Before clicking Create, you can click Test Connectivity to test that the Sink can be connected to the OpenTSDB server.
Click the Create button to complete the Sink configuration. A new Sink will be added to the Action Outputs.
Back on the Create Rule page, verify the configured information. Click the Create button to generate the rule.
You have now successfully created the rule for forwarding data through the OpenTSDB Sink. You can see the newly created rule on the Integration -> Rules page. Click the Actions(Sink) tab and you can see the new OpenTSDB Sink.

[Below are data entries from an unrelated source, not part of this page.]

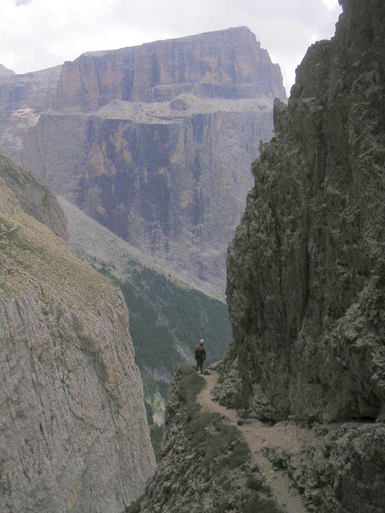 Von Norden über A22 nach Klausen und von hier über Wolkenstein zum Sellajoch hinauf. Vom Sellajoch Richtung Canazei die ersten Serpentinen ca. 120 Hm hinab bis zur ersten langen, leicht rechts gekrümmten Geraden mit Parkmöglichkeiten am Straßenrand, ca. 2080 m. Von hier ist die Südwand sehr gut einsehbar.
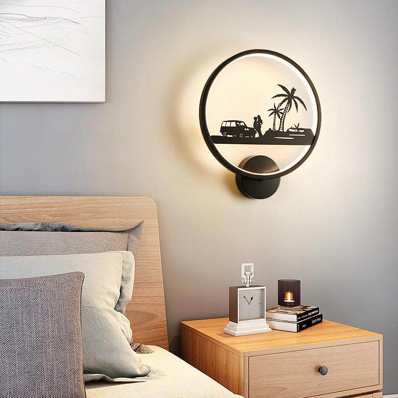 现代简约壁灯客厅电视背景墙卧室床头灯过道楼梯黑色铁艺墙壁灯
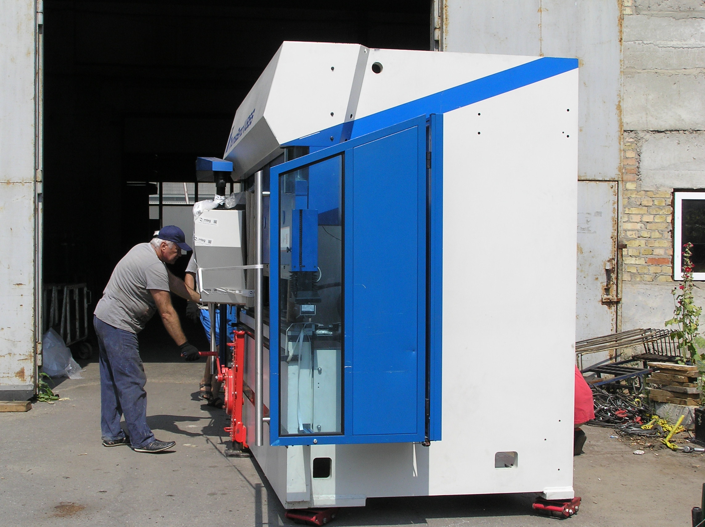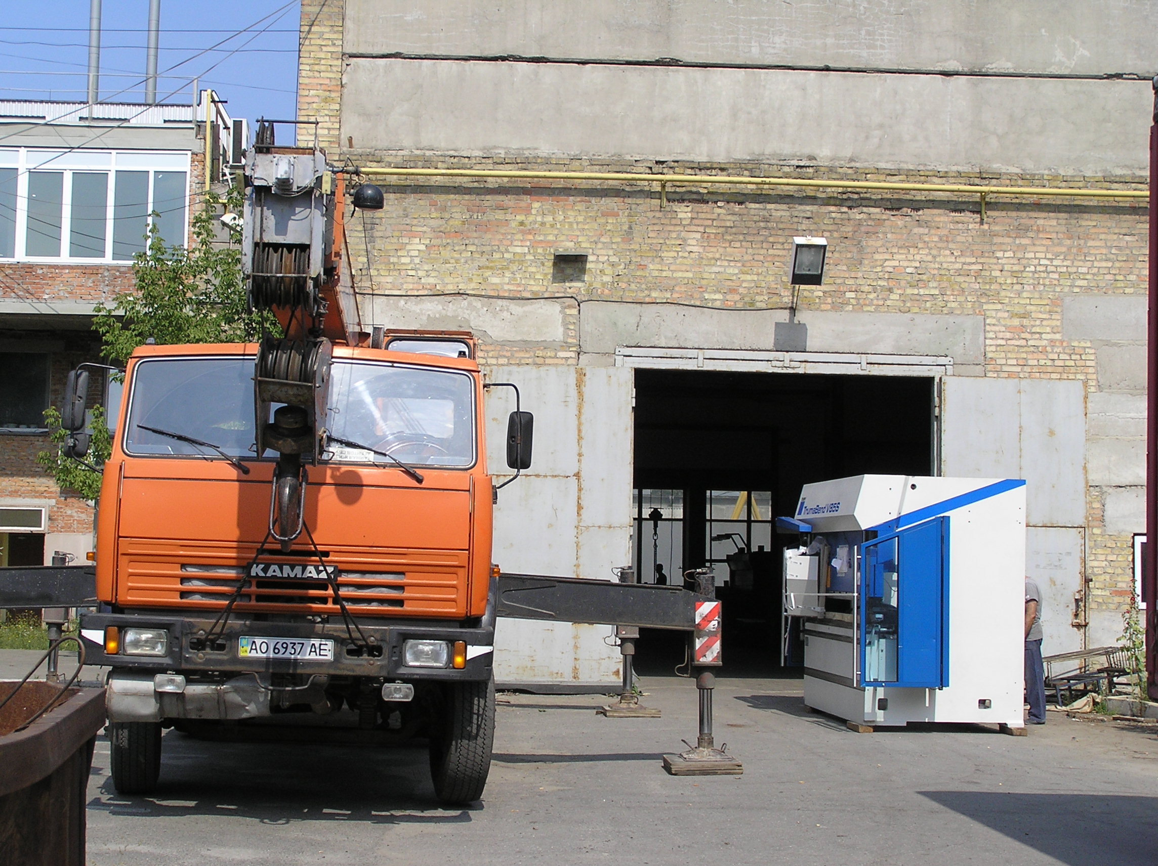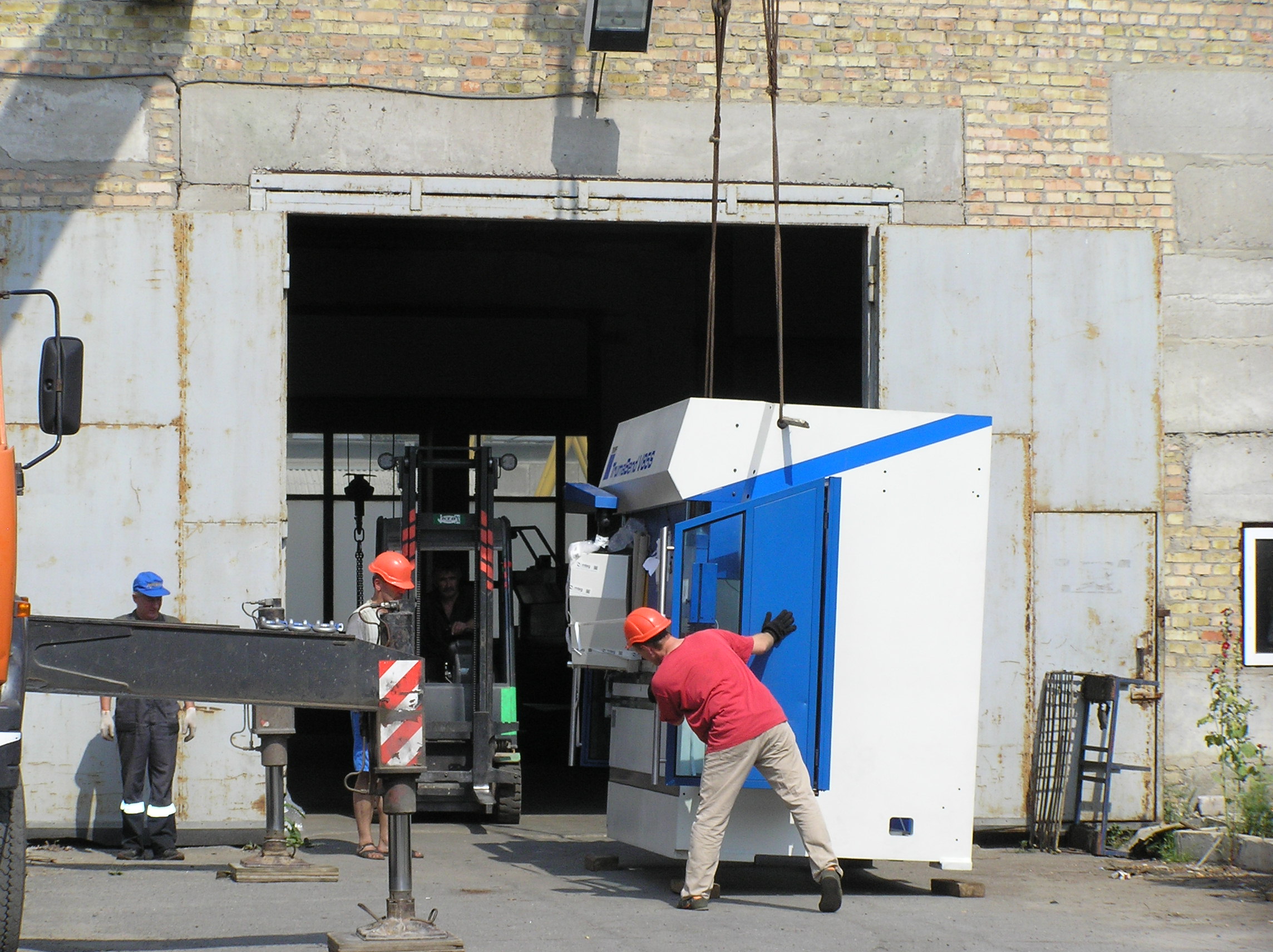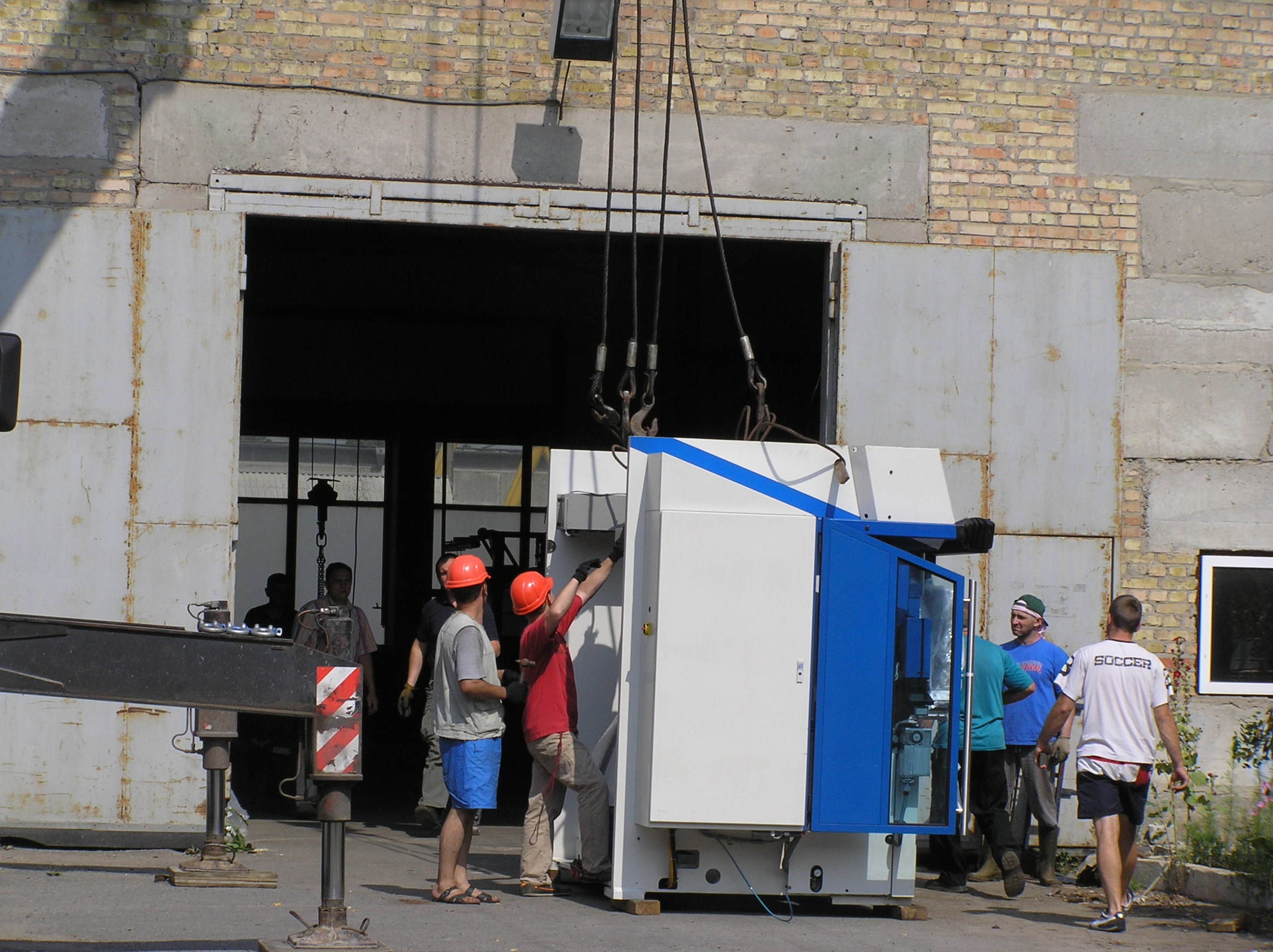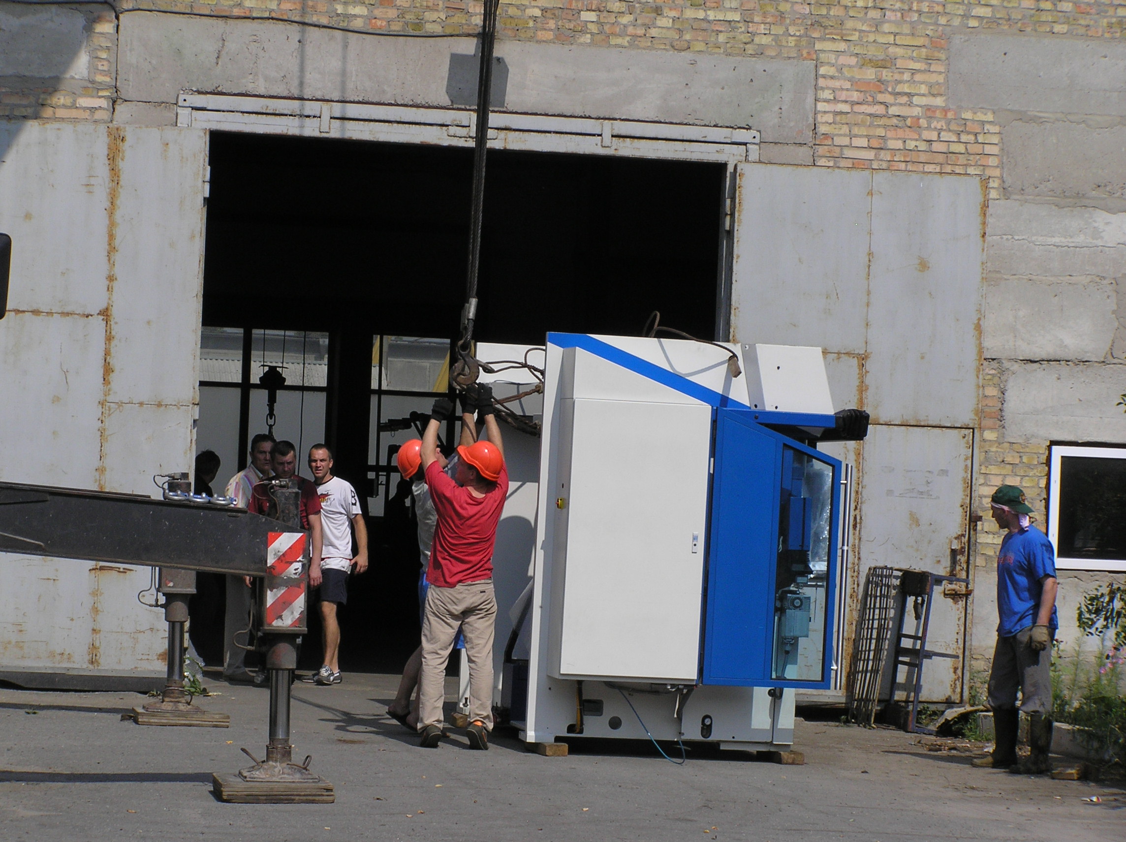 После доставки по центральному проезду цеха, станок с помощью погрузчика был задвинут в свою нишу и установлен на подкладки. Заказчик рекомендовал в цеху не фотографировать, поэтому представлены снимки только с разгрузки.

You can also click Integration -> Flow Designer to view the topology and you can see that the messages under topic t/#
are sent and saved to OpenTSDB after parsing by rule my_rule
.
Test the Rule
Use MQTTX to publish a message on topic t/opents
.
mqttx pub -i emqx_c -t t/opents -m '{"metric":"cpu","tags":{"host":"serverA"},"value":12}'
Check the running status of the Sink, there should be one new incoming and one new outgoing message.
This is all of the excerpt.